Conclusion: A successful modeling framework requires substantial effort in tailoring model structure and parameters to the decision context, risks and benefits of the interventions under consideration, and local environmental conditions and reef ecosystem dynamics. As demonstrated by the committee’s illustrative effort, the utility and payoff of this approach are the ability to identify
- The conditions necessary for new and potentially risky interventions to outperform the no-action alternative under different future climate scenarios.
- The interventions expected to be most effective at achieving management objectives.

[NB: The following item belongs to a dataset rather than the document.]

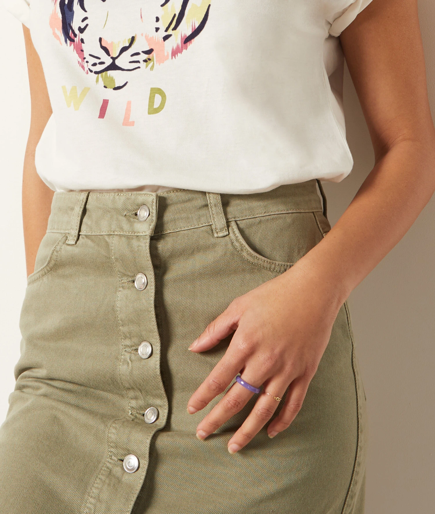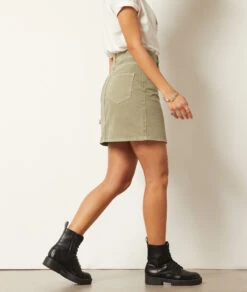 L’incontournable jupe en jean est revisitée en version kaki et boutonnée. Mixez la a des rangers pour un look casual.

- Potential synergistic and antagonistic interactions across multiple interventions, including management of local stressors.
- The key dynamics and parameters to resolve empirically in order to improve the capacity to predict intervention efficacy and risks.
Further applications of such modeling frameworks include identifying indicators for context- or condition-dependent decisions, monitoring, and adaptive management. The insight provided by a quantitative model enables decision makers and reef stakeholders to compare the benefits and risks of different intervention options with more clarity and transparency than provided by qualitative or conceptual approaches or by expert opinion only. The benefits of a quantitative model are greatest when local ecosystem and evolutionary dynamics are known, and when primary sources of uncertainty are considered.